Parties would have to apply for the exercise of this power, would be given the chance to make their case on the issues in question, and could opt to disapply the power if they wished. Ideas are welcomed as to what the threshold for a successful summary judgment should be.
The Act requires tribunals to be impartial, but not that arbitrators be independent (which is difficult to define and probably unnecessary). However, to help parties be more sure when an arbitrator can be removed for bias and to strengthen England's pro-arbitration status, the Law Commission wishes to codify the common law rule that arbitrators have a continuing duty to disclose any circumstances which might reasonably give rise to justifiable doubts as to their impartiality. It also invites comments on whether actual knowledge of circumstances, or what ought to be known after the making of reasonable enquiries, should be disclosed.
First, should the Act be clearer on when the courts can exercise their default powers to order interim measures, such as freezing assets or ordering injunctions? And should the Act state that these powers are exercisable as in English civil litigation and subject to the rules that apply in domestic court proceedings, and that third parties can be bound by these orders and appeal against them?
Second, should applications to the courts for interim measures to support emergency arbitrations (arguably restricted under current case law) be allowed? And where an arbitral party ignores the orders of an emergency arbitrator, should the Act either empower courts to order compliance with the emergency arbitrator's order, or allow applications with the permission of the emergency arbitrator, not just that of the fully constituted tribunal as at present?
The Act would be amended to make arbitration agreements unenforceable if they specified the protected characteristics listed in the Equality Act 2010 (age, disability, gender reassignment, marriage and civil partnership, pregnancy and maternity, race, religion or belief, sex, and sexual orientation), and to end challenges to arbitral appointments based on those characteristics. There could be an exception where characteristics were necessary or justifiable.
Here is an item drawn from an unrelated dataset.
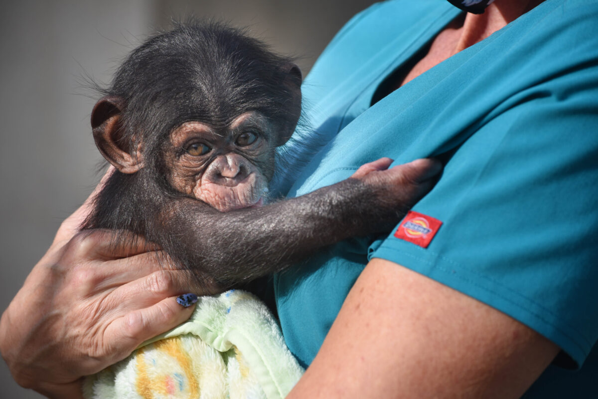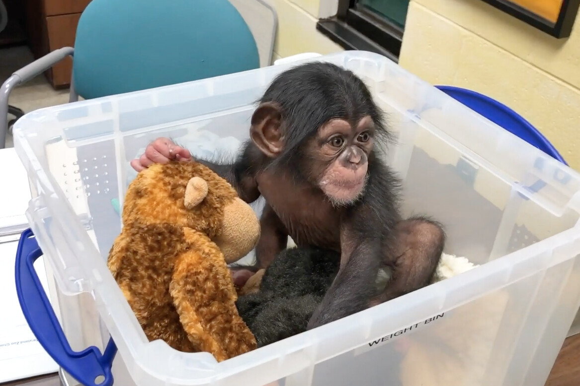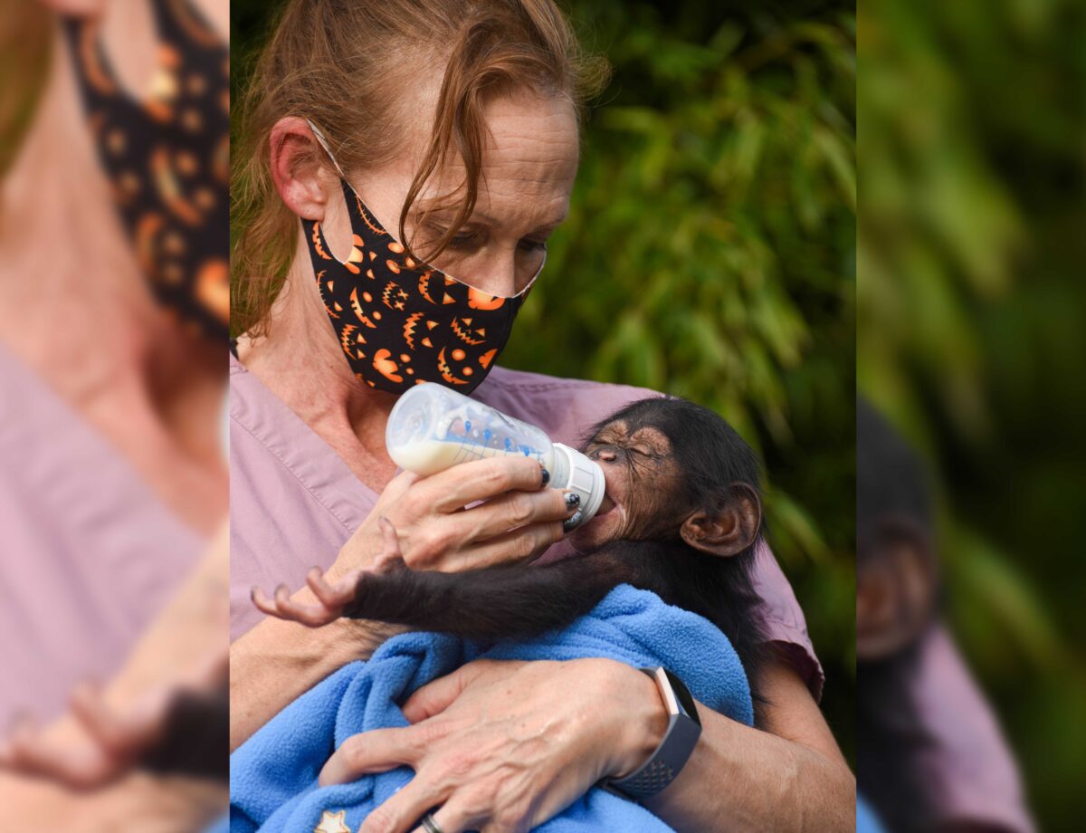 这只黑猩猩宝宝叫Maisie,去年8月28日出生于俄克拉荷马市动物园(Oklahoma City Zoo),出生时体重仅为4磅(约2公斤)。母猩猩生下它后不知何故并不愿意主动抚养它,园方在无可奈何的情况下只能将它送至巴尔的摩动物园,交由专业人士帮忙抚养照料。

Whilst this would probably have little effect on the arbitration process, it shows a desire to work towards greater diversity in arbitrator appointments. However, there is a small risk this reform could open a ground for resisting enforcement under the New York Convention.
Under the Act, arbitrators are not automatically immune from liability if they resign, or from costs if a party launches court proceedings to remove them, even if the challenge is unsuccessful. The report proposes they be immune from costs in court proceedings and invites comments on whether they should be liable at all if they resign unreasonably. This supports the finality of awards (by discouraging satellite litigation against arbitrators) and arbitrator impartiality (by reducing the pressure to conform to party demands).
The Act is silent on confidentiality because court decisions show how hard it is to draft a default rule requiring arbitrations to be confidential (and any exceptions to that rule), given the variety of types of London-seated proceedings. The Law Commission proposes no change in this area, as parties can enter into confidentiality agreements, adopt arbitration rules which mandate confidentiality, and rely on the courts to define the scope of English common law's existing implied duty of arbitral confidentiality.
The Act would continue to allow parties to choose to exclude appeals of arbitral awards to the courts on points of law. Parties often do this by opting for the LCIA or ICC rules, as both exclude this right to bolster award finality.
Authored by Mark Crossley and Benjamin Littlewood.